Paul Gauguin, Nafea Faa Ipoipo (When Will You Marry?), 1892, oil on canvas, 40” x 30”, Qatar Museums, Photo via Wikimedia Commons. Paul Gauguin, Nafea Faa Ipoipo (When Will You Marry?), 1892, oil on canvas, 40” x 30”, Qatar Museums, Photo via Wikimedia Commons.

Why Gauguin?

Last week, artnews reported that Qatar purchased Paul Gauguin’s painting, Nafea Faa Ipoipo (When Will You Marry?), for a rumored $300 million in a private sale.

This is the highest price ever paid for a work of art.

Since its establishment in 2005, Qatar Museums (QM) has attempted to make the country a world leader in museums and culture. With seemingly endless resources, QM has funded projects aimed at celebrating local cultural heritage as well as aggressively collected modern and contemporary art.

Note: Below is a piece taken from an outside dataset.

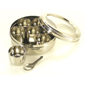 我初步的设想是装turmeric, cumin powder, corriandor powder, curry powder, black pepper, garam masala (self-made), cinnamon,但cinnamon, black pepper我都不常用。还有,我想全部装powder,no particular reason, 你的意见呢?这个Masala Dabba我肯定会常用所以想装营养价值高又美味的香料。

One might ask why QM paid such a high price for Gauguin’s painting. The short answer is, “because it could.” But this painting also is advantageous to their mission of assembling a world-class collection of modern art.

Gauguin was a pivotal figure within the Post-Impressionist art movement. Along with his colleague Vincent van Gogh, for the first time in the history of art, the artist expressed his personal point-of-view and feelings in his creations. The concept of art as a form of self-expression derives from the Post-Impressionist period.

Gauguin painted this image when he was living in Tahiti on a quest to free himself from modern society and culture, looking for “pure” and “primitive” experiences. Tahiti was not as colorful as it appears in Gauguin’s art, and in 1890 it largely was westernized; nevertheless, that did not prevent the artist from presenting a world that matched his idealized conception of the “primitive” in a carefully imagined, harmonious color palette (always dominated by a few colors next to each other on the color wheel, i.e., red, orange, and yellow).